Держа мальчишек в изнурительном состоянии, он сознательно подавлял в них всякий росток собственной воли, собственного творчества, чтобы обезопасить себя от любой возможной конкуренции и предотвратить разоблачение собственного, весьма скудного внутреннего мира. Имея под своим началом кучу выполняющих его приказы мальчишек, Доменико ощущал себя Цезарем.
1 Апреля 1488 года господин художник пересёк порог виллы мессера Буонарроти близ Сеттиньяно. По настоянию врача и по собственному убеждению Урсула перевезла весь дом Буонарроти на загородную виллу. Там, в горах, весной просто было невозможно не поправиться. Лодовико окреп. Он часто встречался с Томазо, Барбарой, подросшим Джулио. По своему Лодовико завидовал этой простой семье, в которой так крепко чувствовалась родная кровь. С годами супруги так срослись друг с другом, что уже трудно было представить себе Томазо, не видя рядом Барбары и наоборот.

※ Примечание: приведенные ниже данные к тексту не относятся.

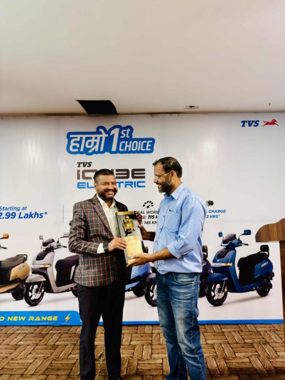 जगदम्बा मोटर्सले ललितपुरमा रहेको युनिराइड अटोलाई टिभीएस आइक्युबको सार्वधिक बिक्रीको अवार्ड प्रदान गरेको छ ।
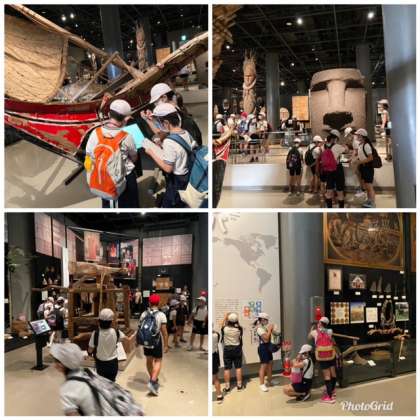 日本庭園は、短い時間でしたが秋の植物を見て楽しんでいました。国立民族博物館は、グループで展示を見て回りました。思ったことを伝えあったり、興味のある展示をじっくり見たりして過ごしました。世界の文化の展示がたくさんありました。様々なくらしや文化を感じることができましたか。
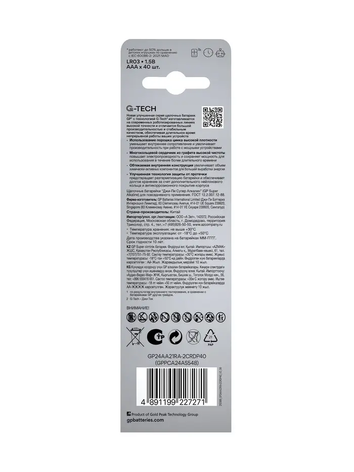 Батарейка алкалиновая GP Super, AAA, LR03-40BOX, 1.5 В, набор 40 шт.
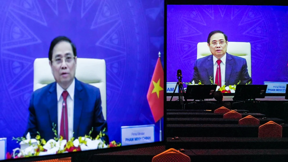 Thủ tướng Việt Nam Phạm Minh Chính phát biểu hôm 20-5 trong Hội nghị quốc tế về Tương lai châu Á lần thứ 26 (trực tuyến). Ảnh: NIKKEI ASIA

Мессер Буонарроти часто беседовал с ними о Микеланджело, о том, насколько этот  ребёнок необычен, чем он значительно отличается от других. Лодовико поразили рассказы Томазо о мальчике, особенно та интонация, с которой этот обычный скарпеллино, а может быть и не очень обычный, рассказывал господину подеста о вещах, о существовании которых он, отец и не подозревал. Ревность? Да, может быть. Досада по упущенным возможностям? Скорее всего, дименно это. «Если бы Микеле поговорил со мной вот так, хоть однажды», -- простонал задетый за душу Лодовико.

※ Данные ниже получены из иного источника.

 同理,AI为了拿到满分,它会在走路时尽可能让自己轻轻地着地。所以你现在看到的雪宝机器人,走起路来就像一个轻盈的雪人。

--Мессер подеста, он не говорит, он чувствует», -- ответил ему Томазо.

Гирландайо осмотрелся вокруг. Вилла была великолепна. Все завистливые люди обладают схожим трепетом перед богатством и одновременно благоговением перед его обладателем.
-- Маэстро, для меня особая честь принимать у себя в доме такого высокого гостя», -- утончённо вежливо, по-флорентийски поприветствовал своего гостя мессер Буонарроти.

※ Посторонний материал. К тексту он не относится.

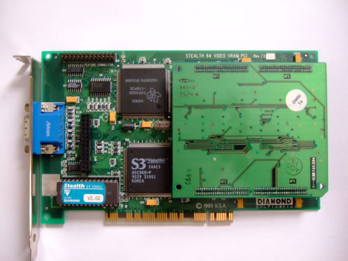 The S3 64V+ was launched in 1995. Like the 868, the 64V+ has a video acceleration engine that can perform YUV to RGB color space conversion and horizontal linear filtered scaling. Trio chips do not support VRAM, and are limited to FPM DRAM and EDO DRAM only.
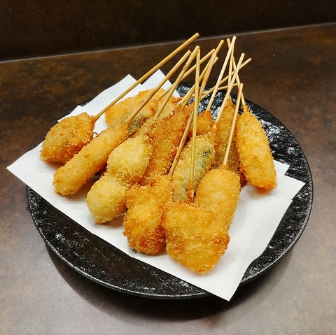 定番メニュー15種類に加え日替わり串まで、多彩な串揚げをリーズナブルにお楽しみいただけます。2種のソースや岩塩・山椒などの調味料でカスタマイズすることも可能。
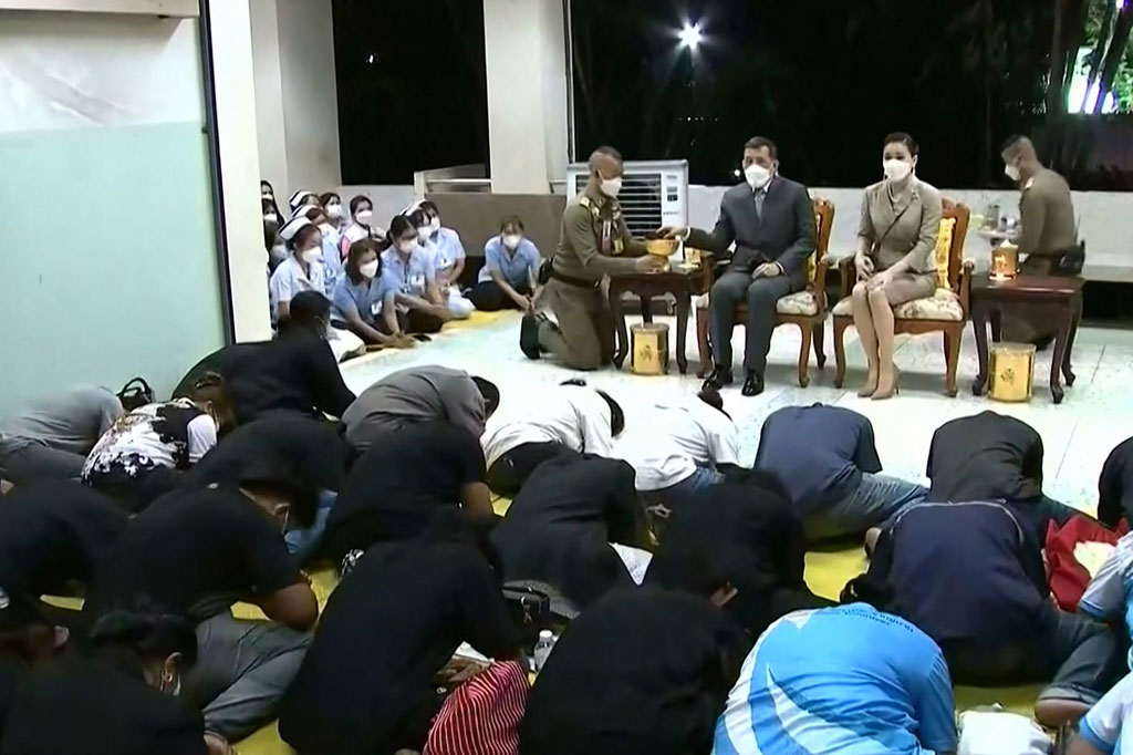 Upacara pemakaman Buddhis dan doa untuk korban yang meninggal diperkirakan akan dimulai Sabtu, 8 Oktober 2022 malam, memulai tiga hari berkabung untuk para korban salah satu pembunuhan massal terburuk di negara itu. AFP PHOTO/Royal Pool via AFPTV Cek Berita dan Artikel yang lain di Google News

-- Для меня честь – переступить порог известного на всю Флоренцию дома Буонарроти Симони .
Протокол есть протокол. С первых минут они друг другу не понравились. Вряд ли здесь было дело лишь в чисто внешней антипатии.  Внутренне они жили в параллельных мирах. За последние годы Буонарроти пережил не одну жизнь и не одну душевную драму. В результате жизненных бурь у него развилось тонкое психологическое чутьё. Франческа, Микеле были настоящими учителями для мессера Лодовико. Последние его встречи с Томазо и Барбарой закрепили пройденные уроки.

Гирландайо и Лодовико шли по внутренней галерее.  «Вы ко мне, полагаю, по делу?» -- Лодовико старался говорить сдержанно.
-- Да, мессере.
-- Я весь во внимании.
Весь в чёрном, натянутый как струна с заложенными за спину руками, Лодовико шёл чётким ровным шагом по галерее дома как на казнь.
В данную минуту сцена напоминала ту, которую часто видели граждане Флоренции – как ведут по улицам на казнь нераскаявшихся еретиков. Многие из этих людей так и до самой площади Синьории шли спокойно, гордо с уверенно поднятой головой.
Лодовико был готов выслушать от Гирландайо всё, что угодно.
-- Вы знаете, господин подеста, что я и мой брат Давид содержим мастерскую во Флоренции. Мы хотели бы попросить у Вас позволения обучать нашему мастерству художника Вашего сына Микеланджело.
 Стоп. Баста.
Лодовико перестал шагать. От мальчишки, который прибегал к нему, чтобы за флорин рассказать о том, где находится Микеланджело, отец узнал кое-что о нравах и обычаях, царивших в мастерской Гирландайо.
-- Вы хотите обучать моего мальчика ремеслу?» -- спросил Лодовико.
-- Да, именно.
-- Что же запрещает Вам учить его у меня в доме? Я буду хорошо платить.
Мессер подеста встал прямо перед фигурой Гирландайо и пристально вперил свои янтарные глаза ему в лицо. Смутить Гирландайо? Никогда.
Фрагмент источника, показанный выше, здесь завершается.